By practicing the following character and competence behaviors you can build trust with your team:



  1. Talk Straight– this falls somewhere between Minnesota nice and the 2016 Republican primary debates. Communicate with clarity so that you cannot be misunderstood. Do not sugar coat your thoughts or hammer people with brutal honesty.  Be direct.  Preface your discussions by declaring your intent, so you leave no doubt about what you are thinking.
  2. Demonstrate Respect-Use the “waiter rule”. Have you ever been with someone who ignores, is rude or is condescending to the wait staff when you go out to eat.  That says something about their character.  Demonstrate the same respect to everyone on your team- no matter the perceived importance of their job function.  When you treat everyone with the same respect it is noticed and it builds trust!
  3. Right Wrongs- If you’re the leader who never makes a mistake, ignore this one. You should all still be reading!  Acknowledge with your team when you have made a mistake.  This requires vulnerability, but it builds a culture of trust by creating an environment in which mistakes, which inevitably will occur, are viewed as an opportunity for reflection and growth rather than a hammer for future bludgeoning.


  1. Deliver Results– This one sounds easy, but sometimes isn’t. Set goals and deliver results based on those goals.  Be sure to acknowledge with the team when the results have been delivered.  When you achieve what you say you are going to achieve people will trust in your ability to provide future results.

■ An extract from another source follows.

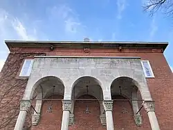 Ursprünglich umrahmten sie eine Reichsadler-Skulptur[4] in der Mitte des Portikus, die nach 1945 entfernt wurde. Die vier Kapitelle aus Muschelkalk der den Portikus tragenden Säulen gestaltete der Bildhauer Paul Merling.

  2. Confront Reality– I once worked with a leader who started every meeting by asking her team what rumors they were hearing. This allowed her to get a pulse on her team’s perceptions.  She was able to confirm, clarify or offer to seek more information and report back so that her team was working with accurate information.  The information wasn’t always what the team wanted to hear, but they knew it was accurate and they understood the “why”.
  3. Clarify Expectations- I used to tell my son to “clean” his room. It didn’t take long for me to figure out that his version of cleaning his room and my version were dramatically different.  I had to clarify my expectations so we both had the same understanding of what a clean room looked like.  The same principle holds true with your team.  Be certain to clarify expectations early and often so you and your team have exactly the same understanding of the results you are attempting to produce.